Summary:
The US premium over Germany is at its widest since 2006.
This is despite a small reduction in odds of a hike in December.
There are many forces are work, but over time, the widening differential will likely give the dollar better traction.
This Great Graphic from Bloomberg shows two time series. The white line is the spread between the German two-year interest rate and the US two-year yield. The yellow line is the euro-dollar exchange rate. Two different scales are needed as when the times series are indexed; the relative volatility is such that the details cannot be observed.
The German discount to the US reached 152 bp today, which is a new high extreme since 2006. The pre-crisis peak was actually in 2005 near 185 bp. The chart covers the movement of both time series over the past year. Because of the optical illusion of making one chart with two times series and two scales, it may not be particularly robust analysis, but its cautions against putting too much emphasis on co-movement of the two. Nevertheless, the divergence is striking. Since the end of July, the euro has appreciated from below $1.10 to $1.12-$1.13. The two-year differential has widened to 152 bp from 125. There are many cross current flows and other distortions, like the cross-currency swap rate, which the BIS discussed here. Nevertheless, over time, the widening premium in the US favor will likely give the greenback better traction, though of course there is not a one-to-one correspondence between a particular interest rate level and a euro-dollar exchange rate. |
Germany-United States 2 year index |
After a very strong service sector ISM and better than expected factory/durable goods orders, and a meh of an ADP report, expectations for Fed policy have barely changed. Bloomberg says the odds of Nov hike increased to 23.6% from 21.4%. The CME’s calculation puts the odds at 16.6%, up from 14.5%. The odds of a December move have been pared to 50.2% (from 50.3%) for Bloomberg, while the CME puts it at 54.8% (from 55.1%).

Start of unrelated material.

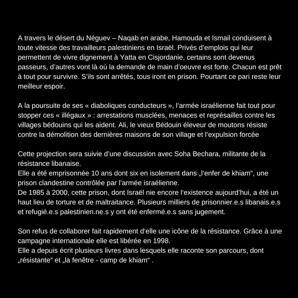 Vendredi 20 février, 19h: suite de la collaboration avec « Palestine: filmer c’est exister », projection de « Ambulance » suivie d’une discussion, sûrement avec « Soignant·es for Palestine » (à confirmer)

Where we stand? We think there is a de minimis chance of a November hike. There is no precedent for a hike a week before a national election. This is one way how the Fed traditionally demonstrated its political neutrality. It would not change policy so close to an election. It does not mean that the Fed cannot do so, but it suggests that it would need a compelling reason to break from tradition.
Moreover, remember the corner the Fed has painted for itself. It will not change policy without a press conference. There is no press conference after the Nov meeting. A rate hike then does not only require a break from tradition, but it also requires a logistical challenge of having a last minute press conference without word leaking.
On the other hand, we think there is a strong chance of a hike in December and with the current odds, there is scope for investors to discount a greater likelihood. A strong jobs report is helpful, but before the December meeting, Fed officials will have two more reports. This week’s then may not be the trigger for a dramatic shift in expectations, barring a blowout report.